The Sentinel-1 Level-2 OCN Ocean Wind Field (OWI) product is a fully calibrated and operational dataset derived from Sentinel-1 Level-1 SAR imagery. It provides wind speed and direction at 10 m above the ocean surface, retrieved via inversion of the Normalized Radar Cross Section (NRCS) using Geophysical Model Functions (GMFs). By default, the GMF applied in this product is C-band Model (CMOD)-IFR2, part of the CMOD family of models designed to convert NRCS values into wind estimates [22]. Wind speed is directly retrieved from the SAR backscatter, while wind direction is generally extracted from co-located auxiliary numerical weather prediction (NWP) data, interpolated in space and time to the SAR acquisition. The resulting wind vector fields are provided in ground-range geometry with a spatial resolution of 1 km. For this study, we extracted available Sentinel-1 Level-2 OCN scenes for the East Iceland coast for 4 years from 1 January 2018 to 31 December 2021. Sentinel-1 revisits the region of interest once in a few days, passing either at around 7:00 UTC or 18:00 UTC.

2.1.2. Reanalyses

Global reanalysis: ERA5 is the fifth-generation global reanalysis developed by the European Centre for Medium-Range Weather Forecasts (ECMWF) [9,23]. It is based on a 4D-Var data assimilation scheme within the Integrated Forecasting System (IFS), which combines a global atmospheric model with a variety of observations, including remote sensing and surface measurements. With a horizontal resolution of approximately 31 km and 137 vertical levels, ERA5 provides a consistent, hourly estimate of atmospheric parameters since 1950. Despite its coarse resolution and its connection to CARRA, ERA5 remains a critical part of our study. Its global coverage, hourly resolution, and long-term consistency make it a widely accepted benchmark, especially in data-sparse regions like Iceland. While ERA5 cannot capture fine-scale wind variability in fjords, it provides a robust synoptic-scale reference. Its inclusion allows for a meaningful assessment of the added value offered by higher-resolution products like CARRA and Sentinel-1 SAR, aligning with our goal of evaluating operational wind products as they are typically used in practice.
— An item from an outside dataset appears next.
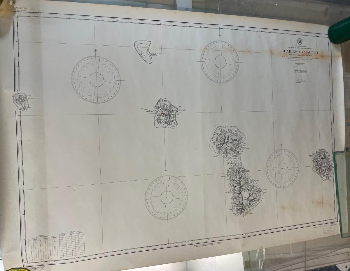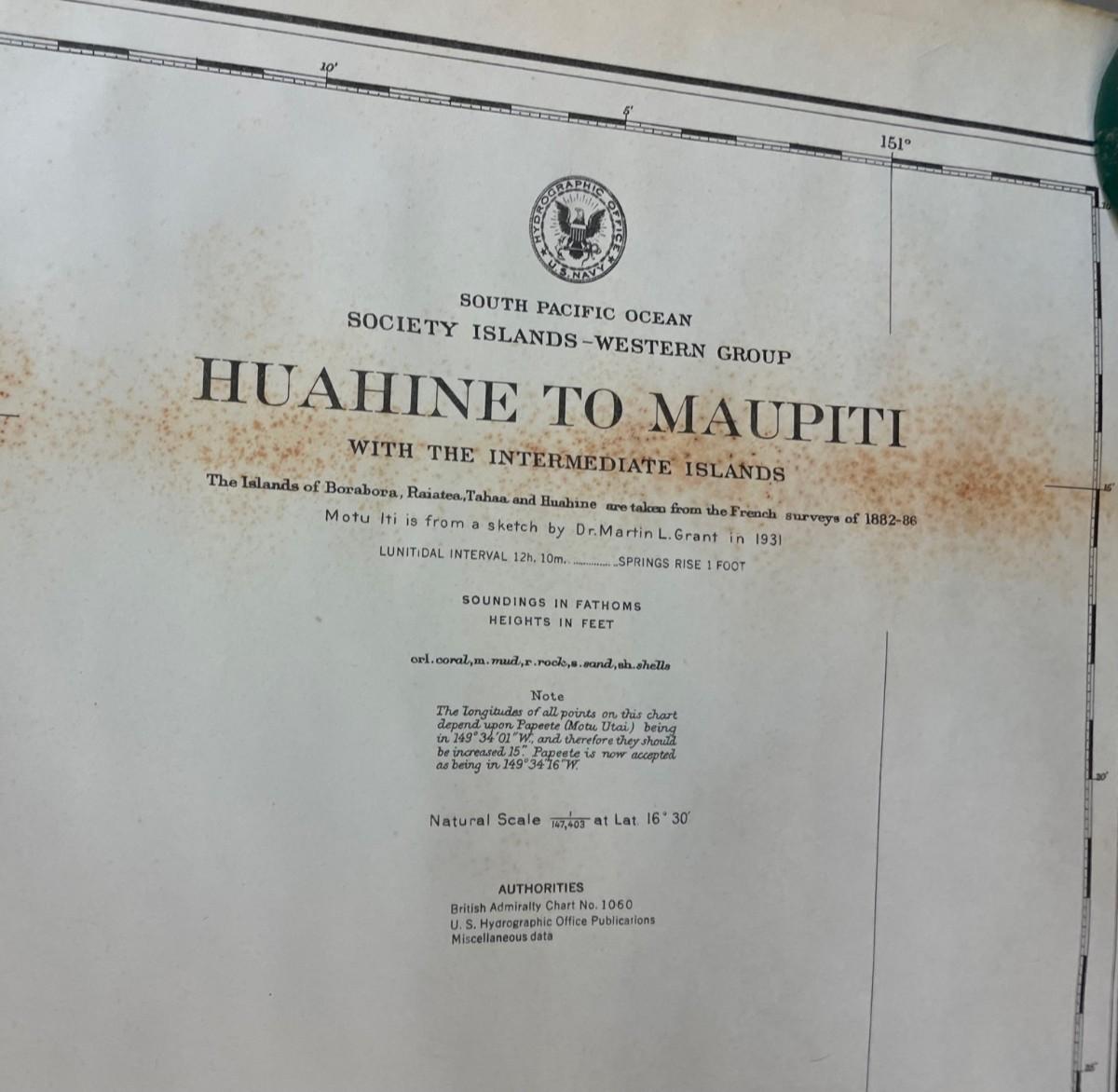 Description: CHART: South Pacific Ocean / SOCIETY ISLANDS - WESTERN GROUP/ HUAHINE TO MAUPITI With the intermediate islands. Measurement approximate: 28 x 42 Inches

Regional reanalysis: The CARRA is a high-resolution regional reanalysis tailored for the Arctic region, providing 3-hourly analyses and hourly short-range forecasts at 2.5 km spatial resolution. It is built using the HARMONIE-AROME NWP model (cycle 40h1.1), a convection-permitting non-hydrostatic model designed for short-range weather prediction in high-latitude regions [24]. CARRA assimilates additional local observations and benefits from refined representations of regional physiography, orography, and sea ice, which significantly enhance its ability to resolve fine-scale atmospheric features compared to global models. While it uses ERA5 as its lateral boundary condition, CARRA offers improved accuracy in reproducing wind dynamics in coastal and topographically complex areas [25]. In this study, we use the CARRA-West domain, covering Svalbard, Iceland, Greenland, and the Canadian Archipelago [26]. Both ERA5 and CARRA datasets were obtained from the Copernicus Climate Data Store.

2.2. Methodology

Preprocessing

In total, we collected 718 Sentinel-1 Level-2 OCN scenes near East Iceland starting from 1 January 2018 to 31 December 2021. This 4-year period was chosen based on a higher occurrence of available scenes in the Sentinel-1 data covering the area, in contrast to the years before and after. We have selected three study points that represent different wind conditions from the coastline point of view: (a) Fjord point (65.024º N, −13.927º E) is located in Reyðarfjörður, East Iceland’s longest fjord, stretching about 30 km inland and reaching up to 6–7 km in width; (b) Coastal point (64.844º N, −13.625º E) is located approximately 5 km from the coast of Stöðvarfjörður and expected to have some influence from the coastline; (c) Offshore point (65.326º N, −12.303º E) is located 50 km from the East Iceland coast in the open ocean. The main reasons for choosing this specific region of interest: (a) we wanted to use one of the study points located in a long and wide Iceland fjord (see the pink dot on Figure 1 circular map), therefore, we chose East Iceland which has a significant diversity of fjords of varying widths and lengths; (b) based on several studies [27,28], the continental area near the Fjord and Coastal study points is one of the highest landslide and rock avalanche risk locations in Iceland making the obtaining of accurate wind information in this area even more valuable.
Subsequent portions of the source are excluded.